LibGuides: Digital Scholarship Resources: Text Mining

About this guide

Text mining is a useful methodology to explore large texts or collections of texts. This guide is in development -- and I'll continue to update it. Please reach out if you'd like help in this area.

Voyant

Voyant is a web-based text reading and analysis environment. It has sample corpora and you can upload your own collection in a variety of formats, including plain text, HTML, XML, PDF, RTF, and MS Word.

To try one sample for the purposes of this guide, we'll use the University of North Carolina library's North American Slave Narrative Collection.

Go to Voyant Tools

Upload your corpus. Navigate to the location you’ve saved the North American Slave Narrative Collection. For many of you, this will be your desktop. Go to na-slave-narratives > data > texts. Then select all texts. For many operating systems, you can select all texts by clicking ⌘ A on a Mac). For Windows 8 or 10, click “Edit” in the menu bar at the top of the window, and click “Select All” on the drop-down menu. Click “Open” on in the lower right-hand corner.

Analyze the visualizations

You should see three visualizations on your screen.

Cirrus: a word cloud that displays the highest frequency terms – the larger the term, the more frequent it is. Hover over a word to see additional information.
Summary: Basic information about the text, including the number of words, the length of documents, vocabulary density, and distinctive words for each document.
Corpus Reader: This allows you to read the text(s) in the collection – more text will appear as you scroll. You can hover over words to view their frequency and click to see more information.

When you click on a word in the Cirrus word cloud, you'll then see that the graph to your right hand side changes to that specific word. You'll be able to see each individual text file in the "Corpus (Documents)" section and find the relative frequency of the word you've chosen in each of the documents. You'll see a keyword in context view on the bottom left hand size that tells you the words that come before and after your query. The reader view in the middle of your page offers a view of the full text of a given document.

Voyant has a lot of great documentation on its site. Also, please see this helpful tutorial by Miriam Posner.

AntConc

Laurence Anthony’s Antconc is a freeware concordance program for Windows, Mac, and Linux. Download: http://www.laurenceanthony.net/software/antconc/. Antconc works on plain text files with the file appendix .txt. This section offers some basic information about the tool. If you're interested in using the tool for your research, please feel free to schedule an appointment with me and we can cover the ins and outs of the tool.

You’ll see 7 tabs across the top:

Concordance: This will show you what’s known as a Keyword in Context view (abbreviated KWIC, more on this in a minute), using the search bar below it.

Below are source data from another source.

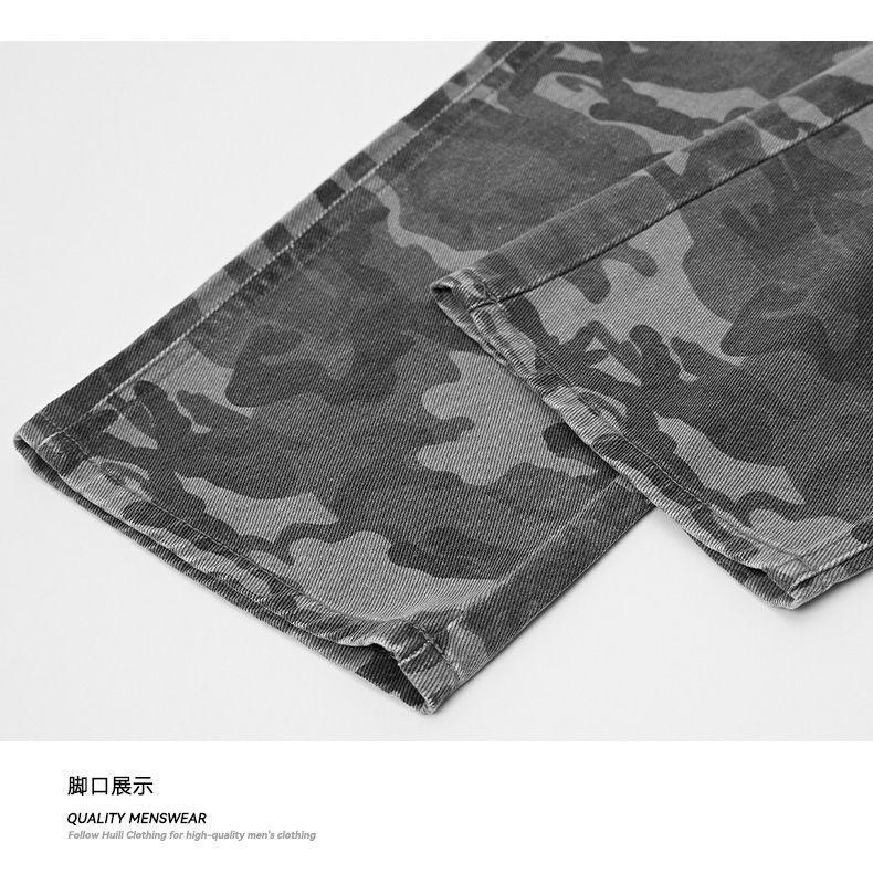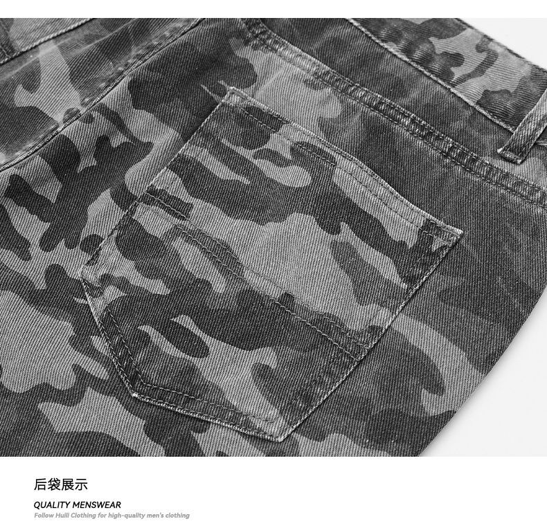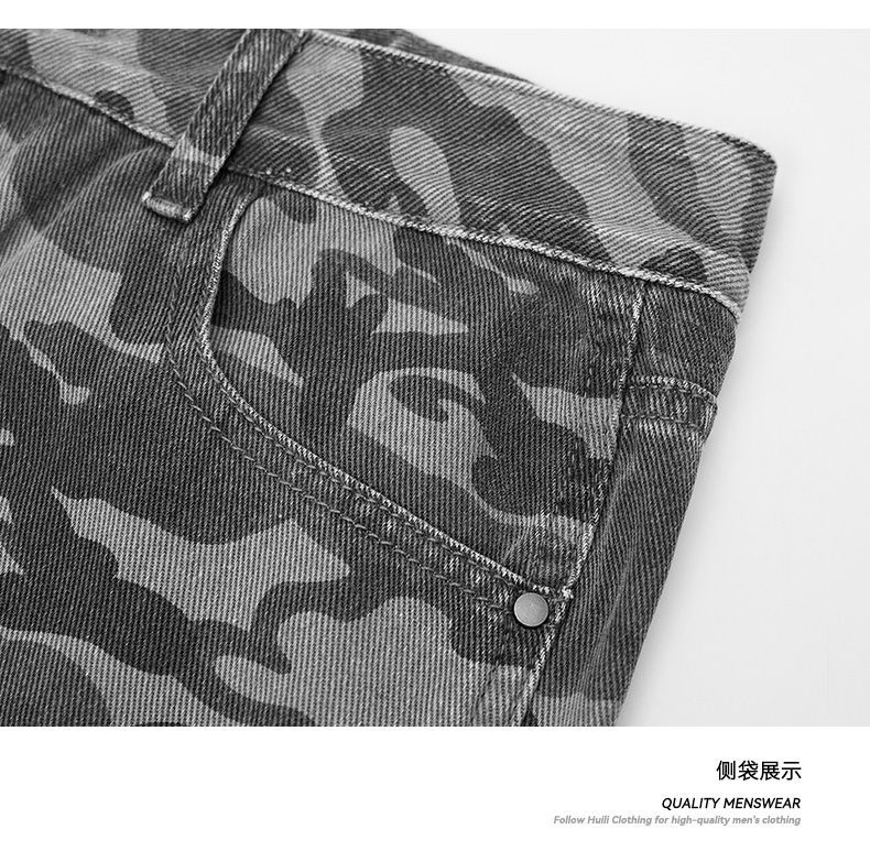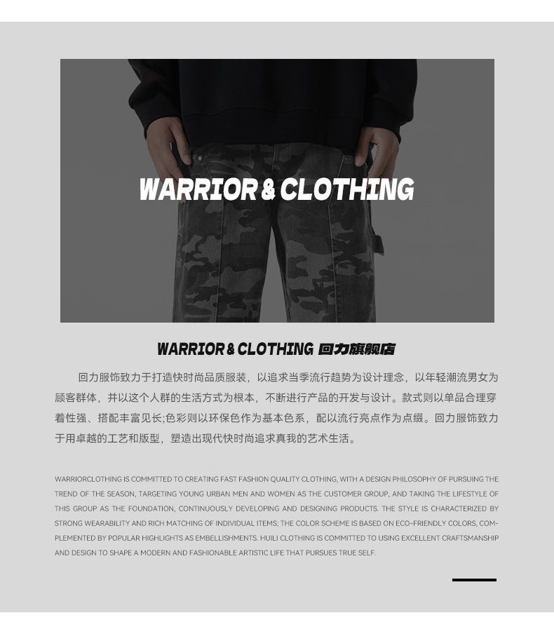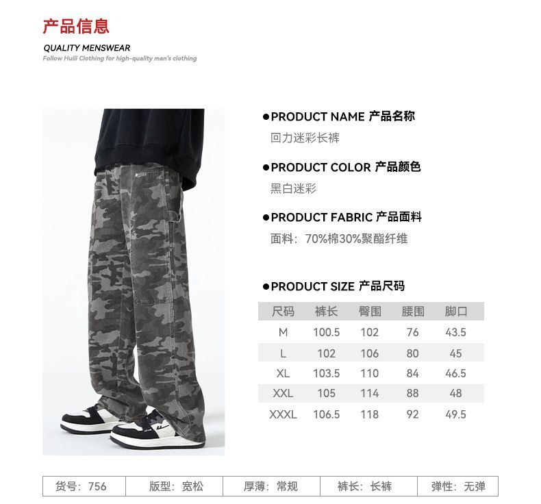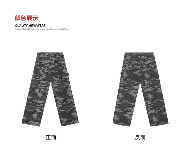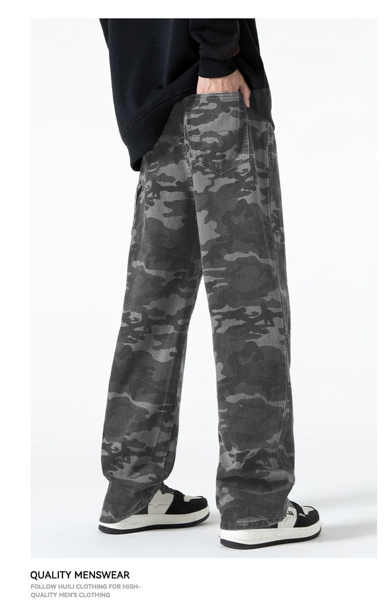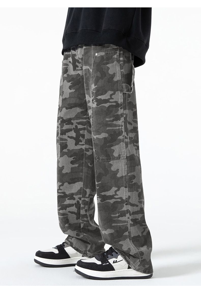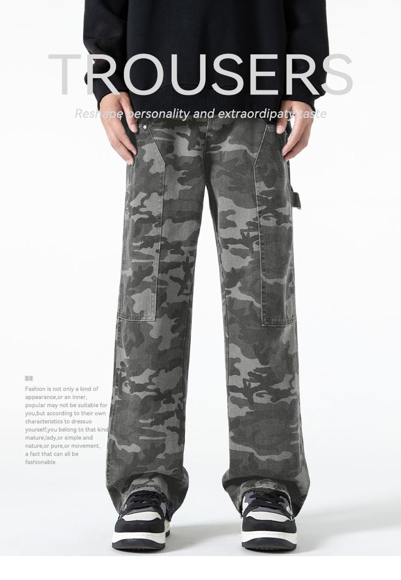 回力工装迷彩裤子男春秋季新款高街直筒美式风牛仔裤子宽松阔腿裤
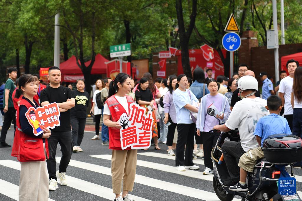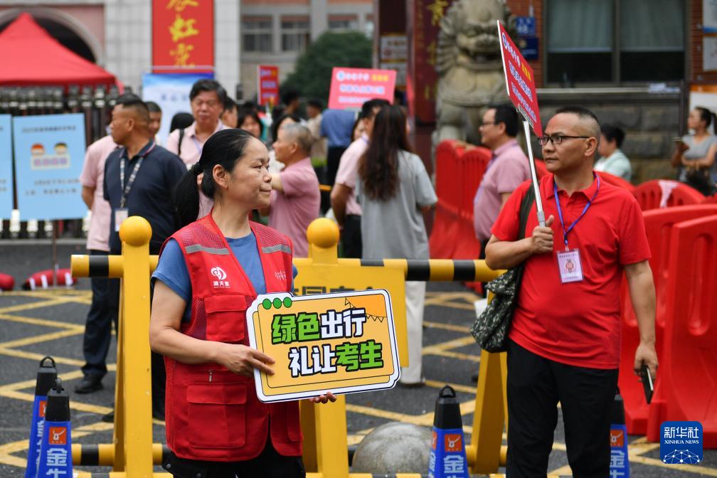 6月8日,志愿者在湖南省天心考區明德中學考點外維持秩序。 2025年全國高考期間,長沙市天心區組織青年志愿者,在多個考點為考生和家長提供便利服務。 新華社記者 陳振海 攝
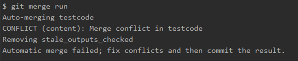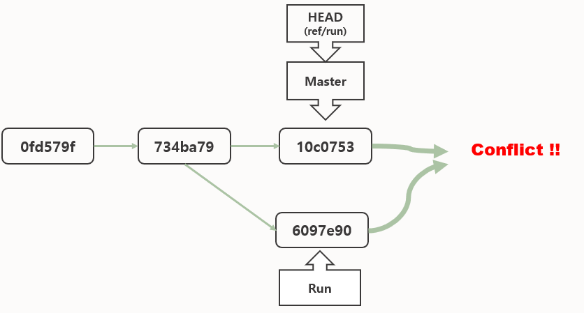 즉 master에서 master code라고 쓴 부분과 run에서 run code라 쓴 부분이 충돌이 일어났습니다.
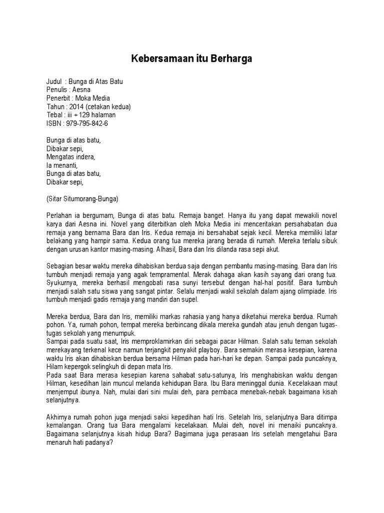 NOVEL - BUNGA DI ATAS BATU - PENERBIT MOKA MEDIA di Tokopedia Promo Pengguna Baru Cicilan 0 Kurir Instan. Juni 2014 Halaman. Iris yang baik Setelah kupertimbangkan masak.
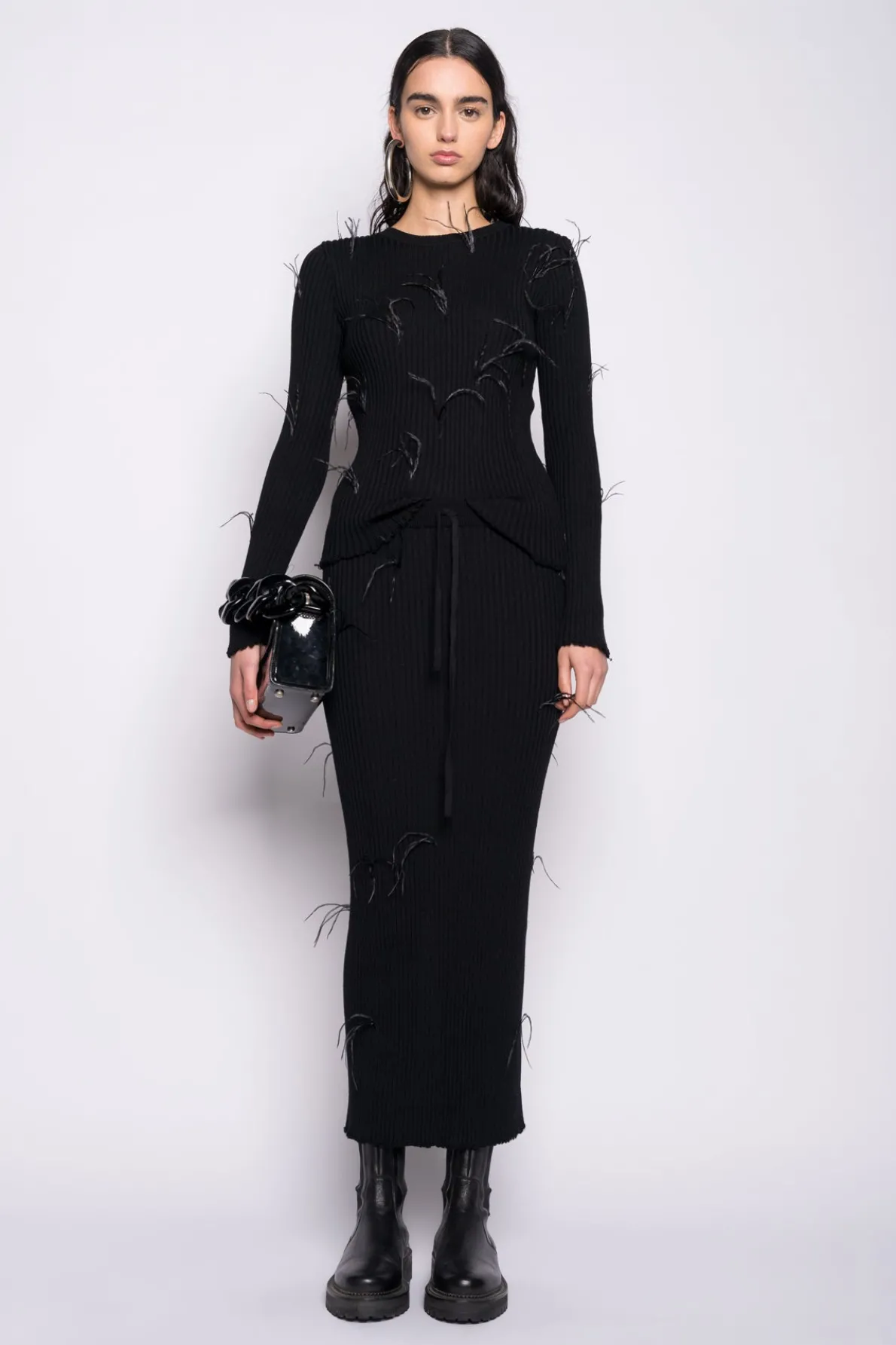 Description: Captivate in the long skirt crafted from sumptuous merino wool, boasting feather pulls, an elastic waistband, and an adjustable drawstring waist.• Long length• Feathers• Merino wool• Elastic waistband Fabric: Merino Wool 100% Merino wool with feathers size and fit: FittedRita is 5ft9 / 180 cm and is wear

Concordance Plot: This will show you a very simple visualization of your KWIC search, where each instance will be represented as a little black line from beginning to end of each file containing the search term.

File View: This will show you a full file view for larger context of a result.

Clusters: This view shows you words which very frequently appear together.

Collocates: Clusters show us words which _definitely _appear together in a corpus; collocates show words which are statistically likely to appear together.

Word list: All the words in your corpus.

Keyword List: This will show comparisons between two corpora.

Let’s get started.

Load files. To load one file for viewing, click “Open File.” To load a corpora of files, click “Open Dir.” For our purposes, click “Open Dir”

Navigate to our corpora on your desktop. After clicking the proper file, you should see the files loading into Antconc.

Search. In the search box, type the word “apple” to see how many times “apple” appears in the corpus and what words exist around it. Click “Start” when you’re ready to see this.

If you want to search for the singular and plural version of a word, such as “women” and “woman,” Antconc has “Wildcard settings” that allow for this.

Try typing wom?n into the search box.

Try typing m?n into the search box.

Why are there so many more instances of men than women? Take a look at the Concordance Plot Tool tab to see where results appear in target texts. Hover over one of the instances, and a hand will appear. Click the result to see how the “File View” or the word or phrase in context. Click on the “Clusters/N-Grams” tab and search for “wom?n” again. You’ll see each instance of the word “women” or “woman” in the context of the text.

See any words you'd rather didn't appear in AntConc? Configure Antconc to apply to texts a stopwords file

1. Click on the tab for "Tool Preferences"

2. In the window that opens, click on the left Category sidebar on "Word List"

3. Check the button for "Use a stoplist below"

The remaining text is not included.